Because of Earth’s layered composition, scientists have often compared the basic arrangement of its interior to that of an onion. There’s the familiar thin crust of continents and ocean floors; the thick mantle of hot, semisolid rock; the molten metal outer core; and the solid iron inner core.
But unlike an onion, peeling back Earth’s layers to better explore planetary dynamics isn’t an option, forcing scientists to make educated guesses about our planet’s inner life based on surface-level observations. Clever imaging techniques devised by computational scientists, however, offer the promise of illuminating Earth’s subterranean secrets.

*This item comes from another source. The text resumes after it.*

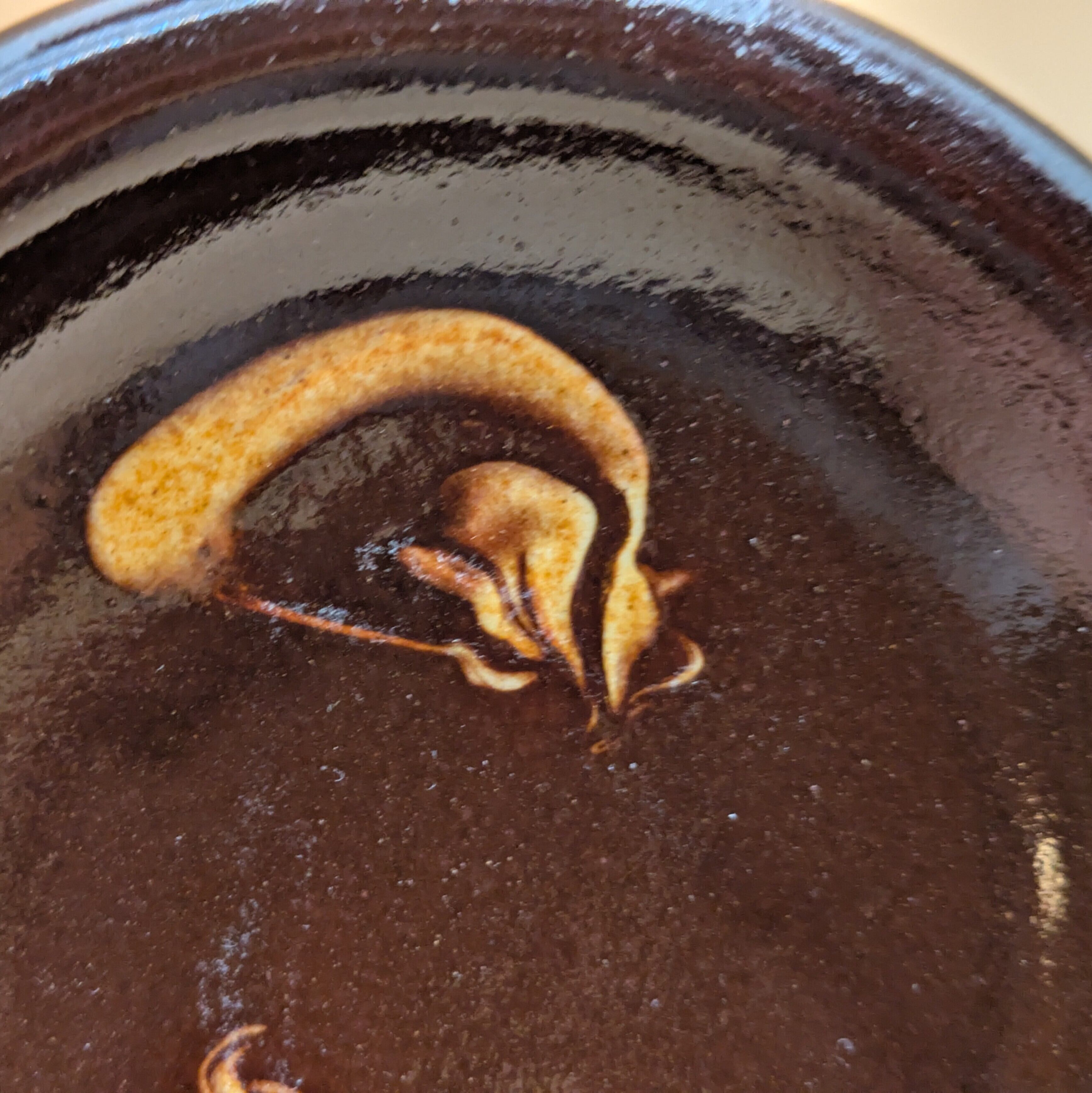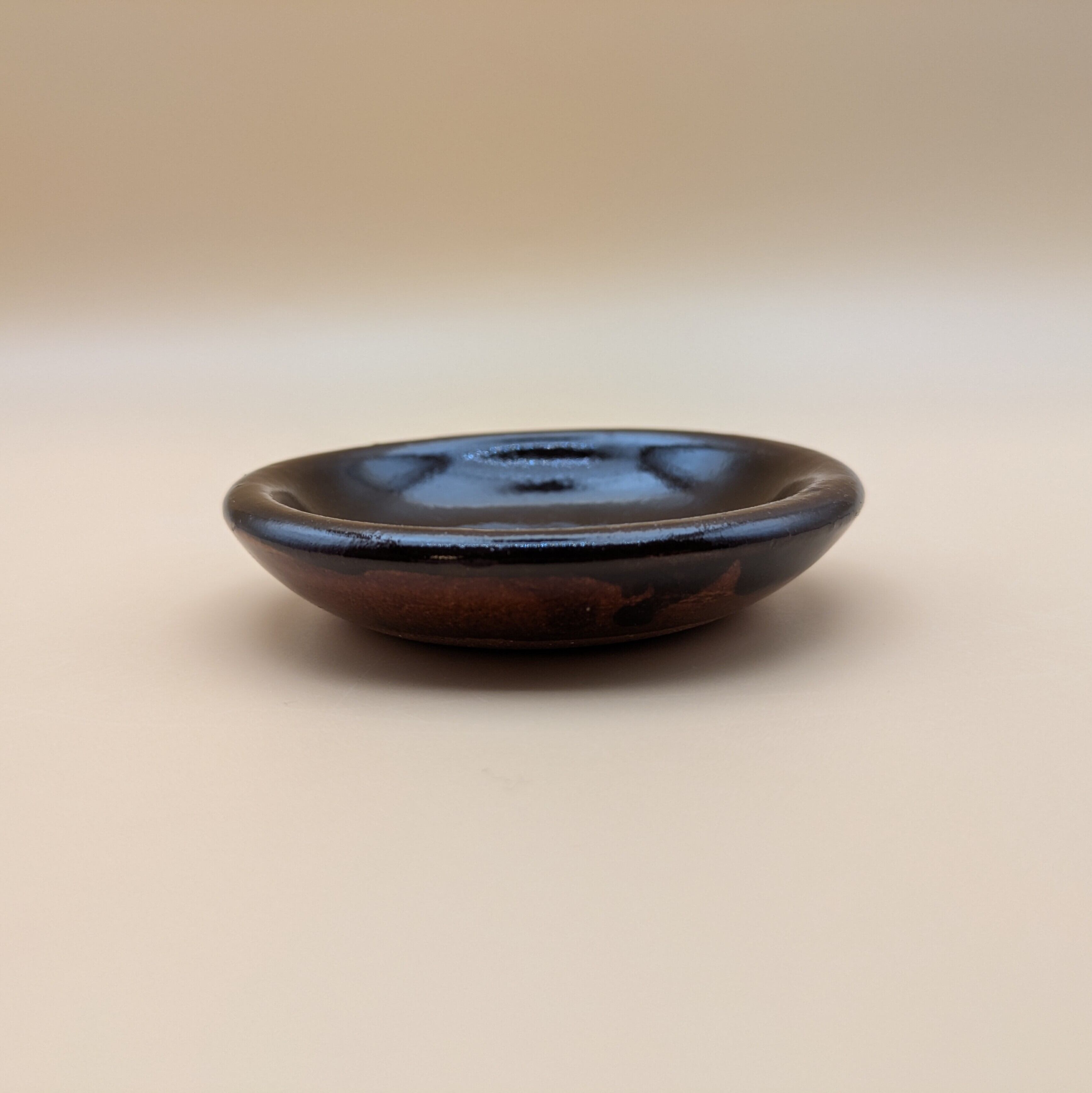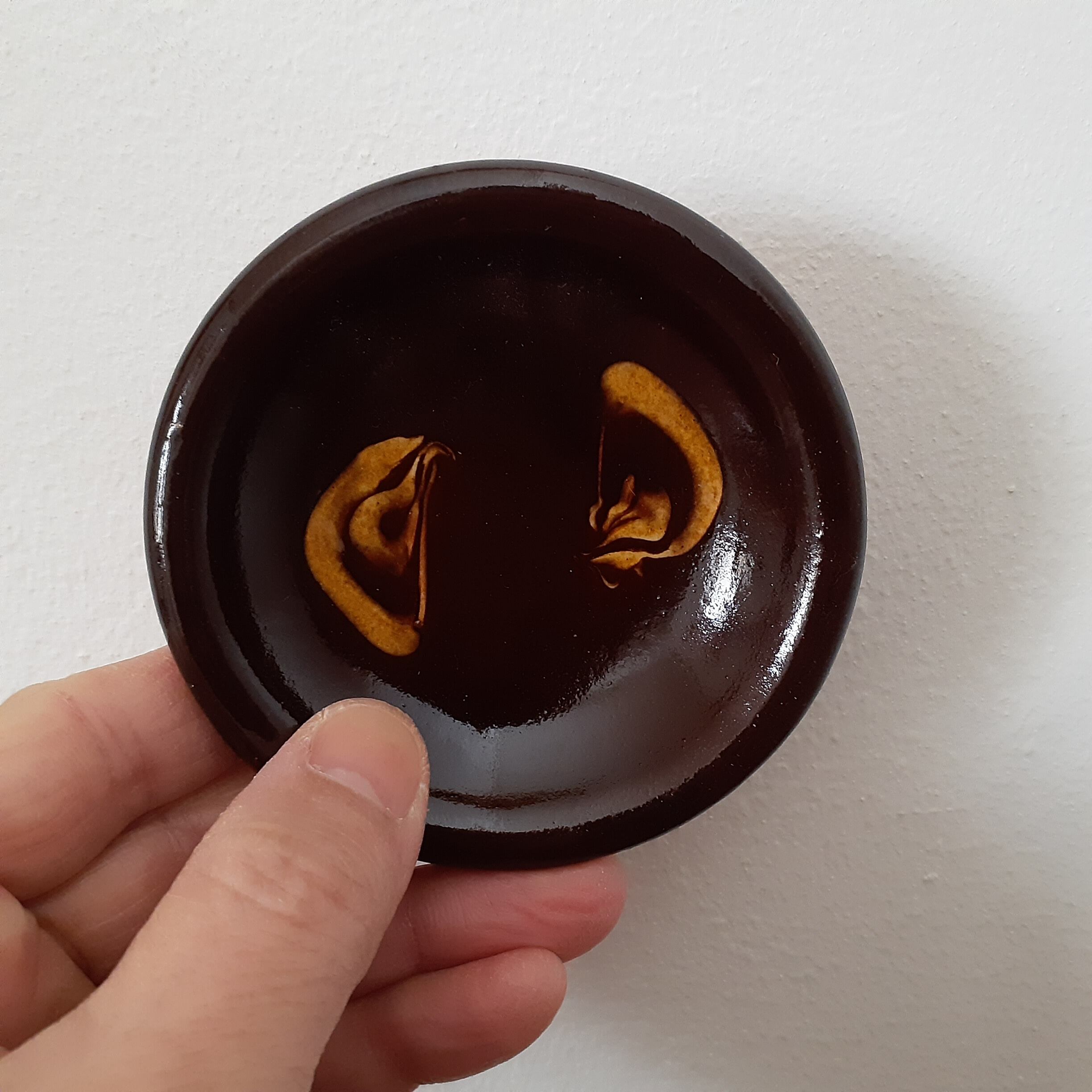 豆皿 湯町窯(黒+黄スリップウエア)01 直径9.0cm 高さ2.0cm 重量104g

Using advanced modeling and simulation, seismic data generated by earthquakes, and one of the world’s fastest supercomputers, a team led by Jeroen Tromp of Princeton University is creating a detailed 3-D picture of Earth’s interior. Currently, the team is focused on imaging the entire globe from the surface to the core-mantle boundary, a depth of 1,800 miles.
These high-fidelity simulations add context to ongoing debates related to Earth’s geologic history and dynamics, bringing prominent features like tectonic plates, magma plumes, and hotspots into view. In 2016, the team released its first-generation global model. Created using data from 253 earthquakes captured by seismograms scattered around the world, the team’s model is notable for its global scope and high scalability.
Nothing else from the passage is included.